That's true, but consider that with the addition of the Engineering/Secondary hull, this adds significant cubic meters to the interior volume. There may well be some major shifts inside the hull to take advantage of that.


----------



## irishtrek (Sep 17, 2005)

But then those 2 hatches on the saucer rear end were never explained and I've always assumed they were cargo doors.


----------



## Steve H (Feb 8, 2009)

irishtrek said:


> But then those 2 hatches on the saucer rear end were never explained and I've always assumed they were cargo doors.


*heh* well, I think there's a LOT of things like that on the NX-01 that were never explained, at least as far as I ever knew. 

So, cargo doors, implying cargo bays. Shift them to the Secondary Hull, maybe move some walls, now they're shuttlepod bays. Works for me. 

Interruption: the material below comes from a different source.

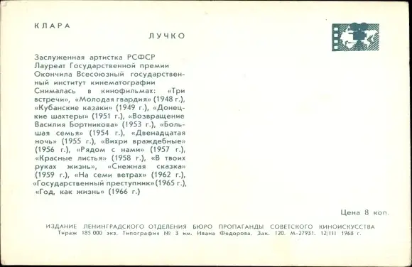 Ak Schauspielerin Klara Luchko, Portrait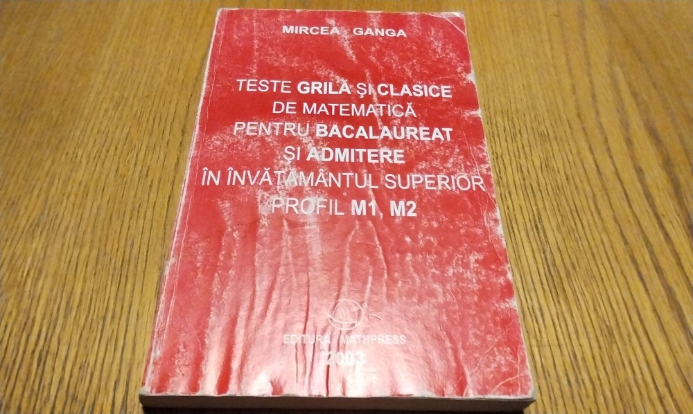 MIRCEA GANGA - Teste GRILA si Clasice de MATEMATICA pentru Bacalaureat si admitere Facultate - PROFIL M1, M2 - Mathpress, 2003, 375 p.

Never really liked the drop bay thing. Kind of implies an even lower tech than they actually had to me. It was a gimmick.


----------



## Carl_G (Jun 30, 2012)

PerfesserCoffee said:


> Underneath the aft end of the engineering hull?
> 
> 
> 
> ...


Is anyone planning on making extended NX style pylons, like in the top pic? Cause that looks AWESOME and I want to build it.


----------



## StarshipClass (Aug 13, 2003)

jgoldsack said:


> Right.
> 
> But those are the most logical place for them to be put in the new configuration. There is simply not enough room at the rear of the engineering hull.
> 
> ...


Oh, yeah! Forgot about those. Makes sense to me :thumbsup: but they really need the hangar type doors and would help to be larger from side to side on each hangar.


----------



## StarshipClass (Aug 13, 2003)

Carl_G said:


> Is anyone planning on making extended NX style pylons, like in the top pic? Cause that looks AWESOME and I want to build it.


Concur! Much better. I don't like all the extra support stuff there--never really cared for those extensions on the original. The extension stubs could either be more impulse engines or, if handled just right, be converted to hangar bays.


----------